How to handle the methods that have been added for subtypes in the context of polymorphism?

Question

When you use the concept of polymorphism you create a class hierarchy and using parents reference you call the interface functions without knowing which specific type has the object. This is great. Example:

You have collection of animals and you call on all animals function eat and you don't care if it is a dog eating or a cat. But in the same class hierarchy you have animals that have additional - other than inherited and implemented from class Animal, e.g. makeEggs, getBackFromTheFreezedState and so on. So in some cases in you function you might want to know the specific type to call additional behaviours.

For example, in case it is morning time and if it is just an animal then you call eat, otherwise if it is a human, then call first washHands, getDressed and only then call eat. How to handle this cases? Polymorphism dies. You need to find out the type of the object, which sounds like a code smell. Is there a common approach to handle this cases?

Answer 1

Depends. Unfortunately there is no generic solution. Think about your requirements and try to figure out what these things should do.

For example, you said in the morning different animals do different stuff. How about you introduce a method getUp() or prepareForDay() or something like that. Then you can continue with polymorphism and let each animal execute its morning routine.

If you want to differentiate among animals, then you should not store them indiscriminately in a list.

If nothing else works, then you could try the Visitor Pattern, which is kind-of a hack to allow for kind-of a dynamic dispatching where you can submit a visitor that will receive type-exact callbacks from animals. I would stress however that this should be a last resort if everything else fails.

Answer 2

This is a good question and it's the kind of trouble a lot of people when trying to understand how to use OO. I think most developers struggle with this. I wish I could say that most get past it but I'm not sure that's the case. Most developers, in my experience, end up using pseudo-OO property bags.

First, let me be clear. This is not your fault. The way OO is typically taught is highly flawed. The Animal example is the premier offender, IMO. Basically, we say, let's talk about objects, what can they do. An Animal can eat() and it can speak(). Super. Now create some animals and code how they eat and speak. Now you know OO, right?

The problem is that this is coming at OO from the wrong direction. Why are there animals in this program and why do they need to speak and eat?

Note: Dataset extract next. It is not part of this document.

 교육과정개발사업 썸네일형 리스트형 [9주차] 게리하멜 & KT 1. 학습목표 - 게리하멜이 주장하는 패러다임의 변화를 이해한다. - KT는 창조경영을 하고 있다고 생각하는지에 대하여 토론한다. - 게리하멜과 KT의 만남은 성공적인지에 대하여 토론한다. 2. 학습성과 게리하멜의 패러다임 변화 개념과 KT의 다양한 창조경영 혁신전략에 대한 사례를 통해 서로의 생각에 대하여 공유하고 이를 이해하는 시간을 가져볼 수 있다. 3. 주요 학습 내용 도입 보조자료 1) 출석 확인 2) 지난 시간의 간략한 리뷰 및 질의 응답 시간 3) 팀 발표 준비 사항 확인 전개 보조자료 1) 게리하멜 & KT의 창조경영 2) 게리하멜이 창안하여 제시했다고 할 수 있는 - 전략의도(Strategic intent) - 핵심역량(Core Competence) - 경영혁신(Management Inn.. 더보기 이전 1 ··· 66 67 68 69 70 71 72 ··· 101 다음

I have a hard time thinking of a real use for an Animal type. I'm sure it exists but let's discuss something that I think is easier to reason about: a traffic simulation. Assume we want to model traffic in various scenarios. Here are some basic things that we need to have to be able to do that.

Vehicle
Road
Signal

We can go deeper with all kinds of things pedestrians and trains but we'll keep it simple.

Let's consider Vehicle. What capabilities does the vehicle need? It needs to travel on a road. It needs to be able to stop at signals. It needs to be able navigate intersections.

interface Vehicle {
  move(Road road);
  navigate(Road... intersection);
}

This is probably too simple but it's a start. Now. What about all the other things that a vehicle might do? They can turn off of a road and into a ditch. Is that part of the simulation? No. Don't need it. Some cars and buses have hydraulics that allow them to bounce or kneel respectively. Is that part of the simulation? No. Don't need it. Most cars burn gasoline. Some don't. Is the power plant part of the simulation? No. Don't need it. Wheel size? Don't need it. GPS navigation? Infotainment system? Don't need em.

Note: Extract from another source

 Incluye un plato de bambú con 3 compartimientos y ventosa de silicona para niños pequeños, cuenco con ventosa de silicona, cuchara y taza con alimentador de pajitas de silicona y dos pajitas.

You only need to define behaviors that you are going to use. To that end, I think it's often better to build OO interfaces from the code that interacts with them. You start with an empty interface and then start writing the code that calls the non-existent methods. That's how you know what methods you need on your interface. Then once you've done that, you go and start defining classes that implement these behaviors. Behaviors that are not used are irrelevant and do not need to be defined.

The whole point of OO is that you can add new implementations of these interfaces later without changing the calling code. The only way that works is if the needs of the calling code determines what goes in the interface. There is no way to define all the behaviors of all the possible things that could be thought up later.

Answer 3

TL;DR:

Think about an abstraction and methods that apply to all subclasses and cover everything you need.

Let's first stay with your eat() example.

It's a property of being a human that, as a precondition to eating, humans want to wash their hands and get dressed before eating. If you want someone to come to you to eat breakfast with you, you don't tell them to wash their hands and get dressed, they do it on their own when you invite them, or they answer "No, I can't come over, I haven't washed my hands, and I'm not yet dressed".

Back to software:

As a Human instance won't eat without the preconditions, I'd have the Human's eat() method do washHands() and getDressed() if that hasn't been done. It shouldn't be your job as the eat() caller to know about that peculiarity. The stubborn-human's alternative would be to throw an exception ("I'm not prepared to eat!") if the preconditions aren't met, leaving you frustrated, but at least informed that eating didn't work.

What about makeEggs()?

I'd recommend to change your way of thinking. You probably want to execute the scheduled morning duties of all the beings. Again, as the caller it shouldn't be your job to know what their duties are. So I'd recommend a doMorningDuties() method that all classes implement.

Answer 4

The answer is quite simple.

How to handle objects that can do more than you expect?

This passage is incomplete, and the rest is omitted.